教会にて
そうこうしているうちに教会に到着した。
鬱蒼とした森の中にポツンと建っている
教会。結構年季入ってるね。うん。
ちょっとホラーぽいよ……。
外壁には蔦がびっしりと絡みついていて
木でできた重厚な扉の上には大きな
ステンドグラスの窓がある。そこに太陽
の光りが当たってキラキラと眩しい。
屋根の上には2本の剣が交差して立って
いた。前世では十字架が立っているのを
よく見たけどこの国では剣なのだ。
この国が信仰している神様は『金色の女神』
だ。約1000年前にアーサー王と聖女様
そして聖騎士様と一緒に魔王討伐に行った
女神様なのだ。
1000年も前のお話なので今では伝説的な
感じで伝わっている。
女神様は魔力、剣術、など何でも強かった
そうでその女神様が愛用していた剣が今は
教会のシンボルとなって屋根の上に立って
いる。
ホラーな教会を見上げながら
「ふぇぇ〜」
と思わず言ってしまった私を隣に立っていた
エドが見てふふと小声で笑った。
『何笑ってんの?』
『古くて怖いって思っていませんか?』
『何で分かったの?』
『お嬢様の事なら何でも分かりますよ』
ルイお兄様にバレないようにエドと小声で話す。
何でも分かるって何よ?私って顔に出やすい?
『お化けなどは出ませんのでご安心下さい』
ニッコリと私に向かって笑うエドからは12歳
と思えないぐらいの色気が飛びまくっている。
ひっ!もしや私が男の色気に弱い事を知って
いる……!?
『お化けって……。
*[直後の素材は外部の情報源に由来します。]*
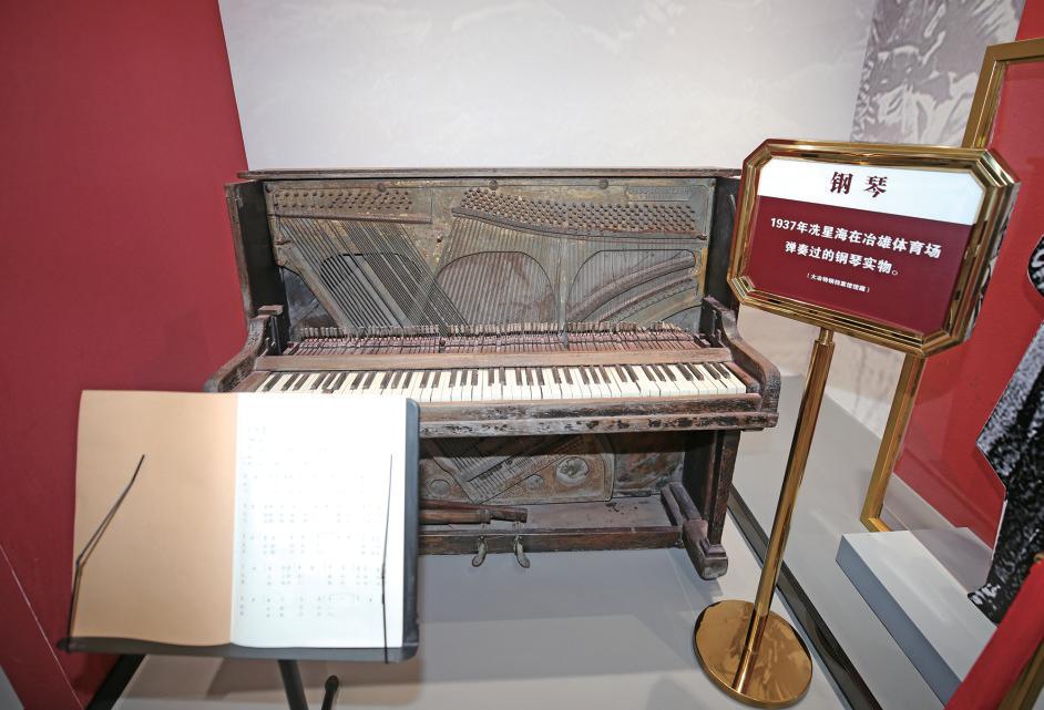 “這就是冼星海當(dāng)年在冶雄體育場指揮抗日救亡歌詠時使用過的鋼琴,是從德國漢堡進(jìn)口的?!敝x萍說。當(dāng)工作人員輕輕掀開發(fā)黃的琴譜,《救國軍歌》的旋律隨即在展館內(nèi)回蕩。那激昂的音符仿佛穿越時空,將人帶回那個烽火連天又熱血沸騰的年代。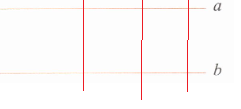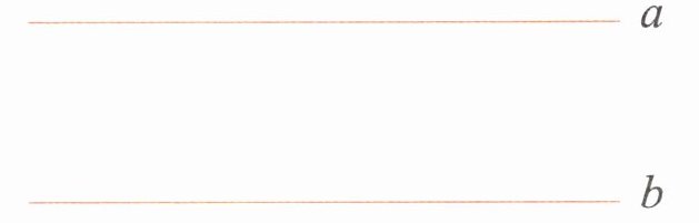 四、下图中,a//b,在 a 上任选 3 个点,分别向 b 画垂直的线段。量一量这些线段的长度,你发现了什么?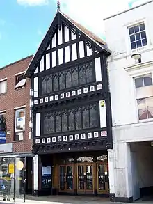 John Halle's Hall is a 15th-century late medieval building, a hall house, in Salisbury, England, with later 16th-, 19th- and 20th-century additions. The Hall is a Grade I listed building,[1] the top category, 'of highest significance'.[2] The medieval part of the building is now the foyer of a cinema,[1][3] with a Victorian mock-Tudor street façade added in 1880–1881,[4][5] together with the main cinema screening room built in 1931 behind the foyer. The noted architectural historian Sir Nikolaus Pevsner described this conglomeration as ' ... a great curiosity, a cinema with a grossly overdone timber-framed Tudor façade ..., and behind this façade the substantial and memorable remains of the House of John Hall'.[5]

そんなの怖くなんてない
よぅ?』
エドの色気に不本意にもドキドキしながら
答える。しかしお化けってさー。
最近エドって私を子供扱いしてるような気
がする。
むぅーーー。と、頬をぷくっと膨らませて
いるとエドが人差し指で突っついてきた。
はぁぁぁ!?
なんこれ!?バカップルみたいじゃん。
これ以上するとルイお兄様にバレるので
とりあえずエドをひと睨みして終わらせる。
エドはニコニコして楽しそうだな……。
この国にバカップル概念は無いのか?
ルイお兄様が護衛騎士様達に今、私達が立
っている教会前広場で待機するようにと
伝達する。
私達3人は教会の中に入った。
すると1人の修道女が立っていた。
「お待ちしておりました」
優しく微笑んだ。
うん。優しい……。でも何でか鳥肌が立つ
のは何故?教会の中寒い?
修道女は奥の部屋へと私達を案内してくれた。
そこでユーリ様は少し遅れると連絡があった
と伝えられた。
3人でソファーに座りユーリ様を待つ事に
なり、どうぞと修道女がお茶を淹れてくれる。
お茶を差し出す修道女の顔をチラッと見た。
ゾワっとまた鳥肌が立つ。
「お嬢様?何かございましたか?」
爽やかに微笑む修道女。
「い、いいえ。お茶頂きますわ……」
カップを持つ手が震え出した。
カチカチと部屋の中に響く。
「ディア?どうしたの?具合悪くなったの?」
ルイお兄様が心配そうな顔で聞いてきた。
「お嬢様?大丈夫ですか?」
エドも心配そうだ。
「え……と……」
この感じ、どう2人に伝えればいいのか
迷っていたその時。
「ディア……僕の……可愛い……天使……」
その声が聞こえてきたのだった。